PACT 2007 Tutorials & Workshops
The tutorials and workshops for PACT 2007 are listed below.
Registration for tutorials and workshops is handled through the PACT 2007 registration site.
Both half day and full day tutorials and workshops include lunch and breaks.
For workshop inquiries, please contact the Workshops Chair, Guang Gao
(ggao [at] capsl.udel.edu).
For tutorial inquiries, please contact the Tutorials Chair,
(avi.mendelson [at] intel.com).
The tutorials and workshops will be held
on Saturday September 15 and Sunday 16
in the Aula of the
University Transilvania of Brasov.
(See the local information page
for details and directions.)
The lunches will be at the ARO Palace Hotel, and the
breaks will be at the Aula.
The daily schedule for the tutorials and workshops is as follows:
- 08:30-12:00: Morning Session
- 10:00-10:30: Morning Break
- 12:00-13:45: Lunch at the ARO Hotel (included with registration)
- 13:45-17:15: Afternoon Session
- 15:15-15:45: Afternoon Break
PACT 2007 Tutorials & Workshops - Sunday, September 16, 2007
| Tutorials Track
| Tutorials Track
| Tutorials Track
| Workshops Track
| Workshops Track
T3 (full day):
Microarchitecture: Concepts, Tradeoffs, the Future
Instructor: Yale Patt (University of Texas, Austin)
Does Multicore Change the Way We Should Design Caches?
A Tutorial for Architects Interested the Nuts-and-Bolts of Future Cache Technologies
Hillery Hunter (IBM TJ Watson Research Center)
Building High Performance Threaded Applications using Libraries
or Why you don't need a parallel compiler.
Jim Cownie (Intel)
Transactional Programming in a Multi-core Environment
Ali-Reza Adl-Tabatabai (Intel),
Bratin Saha (Intel)
W4 (full day):
GREPS: GCC for Research in Embedded and Parallel Systems
Albert Cohen (INRIA, France),
Ayal Zaks (IBM Haifa Research Lab)
W5 (full day):
MEDEA: MEmory performance: DEaling with Applications, systems and architecture
Roberto Giorgi (University of Siena, Italy),
Cosimo Antonio Prete (University of Pisa, Italy),
Pierfrancesco Foglia (University of Pisa, Italy),
Sandro Bartolini (University of Siena, Italy)
The tutorial will be organized into 4 sessions of approximately
90 minutes each.
The two morning sessions will focus on C++98, with the aim being to sharpen
and modernize C++ skills.
The two afternoon sessions will focus on C++0x, with the aim being
to present an overview of the upcoming standard.
C++98 - the aim of this half day is to sharpen and modernize C++ skills
Session 1: Speaking C++ like a native.
Multi-paradigm programming is programming applying different styles of programming,
such as object-oriented programming and generic programming, where they are most
appropriate.
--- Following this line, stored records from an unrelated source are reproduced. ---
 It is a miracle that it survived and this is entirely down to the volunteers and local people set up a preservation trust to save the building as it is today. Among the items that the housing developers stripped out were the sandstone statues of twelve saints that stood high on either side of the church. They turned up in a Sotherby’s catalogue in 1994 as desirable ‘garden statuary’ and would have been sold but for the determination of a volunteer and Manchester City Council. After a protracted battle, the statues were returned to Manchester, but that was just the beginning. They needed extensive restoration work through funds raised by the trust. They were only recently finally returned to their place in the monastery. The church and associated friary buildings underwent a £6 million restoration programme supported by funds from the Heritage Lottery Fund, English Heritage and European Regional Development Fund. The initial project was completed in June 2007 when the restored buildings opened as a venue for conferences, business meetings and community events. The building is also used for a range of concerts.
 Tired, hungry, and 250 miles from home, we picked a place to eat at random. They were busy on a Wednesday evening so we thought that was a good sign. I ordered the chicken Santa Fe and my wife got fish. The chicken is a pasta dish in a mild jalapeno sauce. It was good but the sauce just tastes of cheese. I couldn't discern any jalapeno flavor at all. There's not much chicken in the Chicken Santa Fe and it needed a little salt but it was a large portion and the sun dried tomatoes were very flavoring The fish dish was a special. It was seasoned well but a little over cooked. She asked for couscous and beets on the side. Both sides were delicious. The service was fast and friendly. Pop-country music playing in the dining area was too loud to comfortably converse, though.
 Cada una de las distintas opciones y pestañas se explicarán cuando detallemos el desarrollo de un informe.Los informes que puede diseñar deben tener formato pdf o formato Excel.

This talk presents simple example of individual styles in ISO Standard C++
and examples where these styles are used in combination to produce cleaner, more
maintainable code than could have been done using a single style only.
Session 2: C++ in Safety-Critical Systems.
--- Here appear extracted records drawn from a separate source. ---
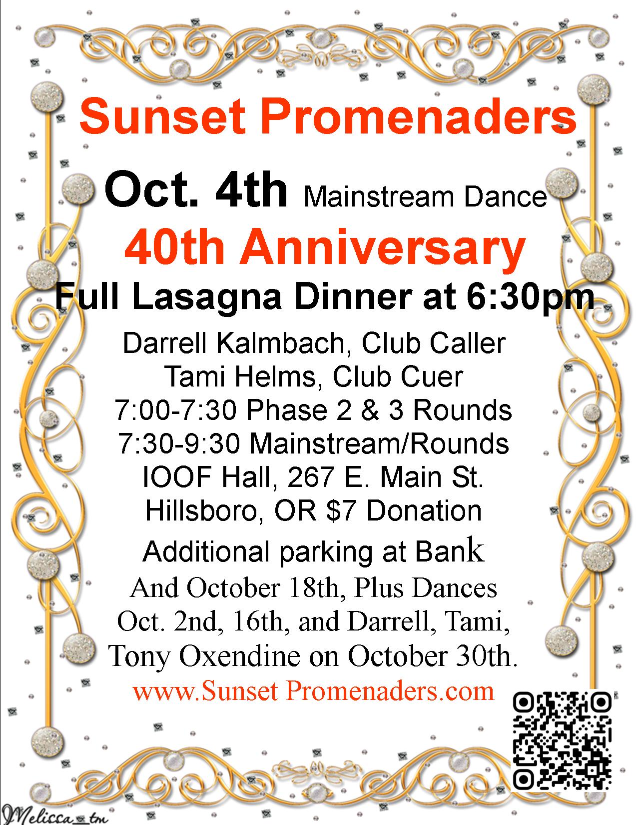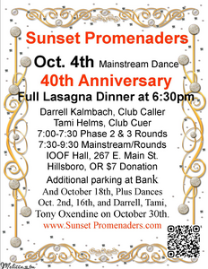 • October fourth is the Sunset Promenaders 40th Anniversary. To celebrate the club is having a full Lasagna Dinner at 6:30 PM. Darrell and Tami will be the Caller and Cuer for a Mainstream dance following the meal. We are hoping and are planning to have a lot of dancers for the meal and dance to help us celebrate our anniversary. There are many memories over the 40 years. For you that do not know, we dance at the Hillsboro Odd Fellows Hall, 267 E. Main St. Hillsboro, Oregon. There is extra parking across the street at the bank.
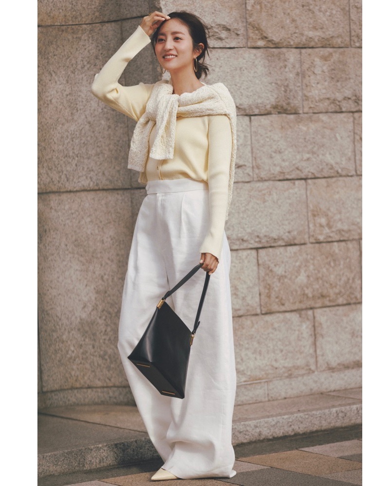 カーディガン¥16,500(Stola.)肩にかけたニット¥23,980(ユナイテッドアローズ/ユナイテッドアローズ 渋谷スクランブルスクエア店)パンツ[4月発売予定]¥49,500(ルル ウィルビー/アルアバイル)バッグ¥82,500〈マエストソ〉靴¥59,400〈ペリーコ〉(ともにアマン)ピアス¥42,900(マリハ)
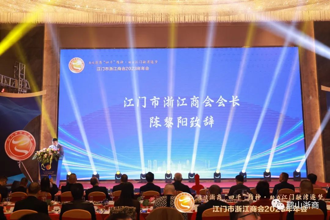 热烈祝贺江门市浙江商会2023年年会庆典圆满举行,祝江门市浙江商会2024年凝聚新力量,踏上新征程,作出新贡献。

C++ is widely used in embedded systems programming and even in safety-critical and
hard-real-time systems. This presentation discusses how to write code in these highly
demanding application areas. First, the mapping of C++ code to hardware resources is
reviewed and the basics abstraction mechanisms (classes and templates) are reviewed
from the perspective of this kind of code. Then, the JSF++ coding rules are examined as
an example of a set of domain specific rules. These rules have been and are being used
for the development of millions of lines of C++. Questions addressed include: "Can I use
templates in safety-critical code?" (Yes: You can and must.), and "Can I use exceptions
in hard-real time code?" (Sadly no, not with the current level of tool support.).
Predictability of language features and minimization of programmer mistakes are key
C++0x - the aim of this half day is to present an overview of the upcoming standard
Session 3: C++0x: an overview.
A good programming language is far more than a simple collection of features. My ideal
is to provide a set of facilities that smoothly work together to support design and
programming styles of a generality beyond my imagination. Here, I briefly outline rules
of thumb (guidelines, principles) that are being applied in the design of C++0x. Then, I
present the state of the standards process (we are aiming for C++09) and give examples
of a few of the proposals being considered in the ISO C++ standards committee. I'll
focus on general principles supported by minor examples. Features presented will include
general initializer lists, generalized constant expression, template aliases, and many
Session 4: C++0x: Concepts.
"Concepts" is C++0x's type system for C++ types, combinations of type, and
combinations of types of integers. They are introduce to allow programmers to directly
express a template's requirements on its template arguments and thereby a template's
requirements on its users. The result is greater expressiveness, better error handling,
without loss of performance or flexibility. Concepts is the major new language feature of
C++0x and will be central to the future development of generic programming.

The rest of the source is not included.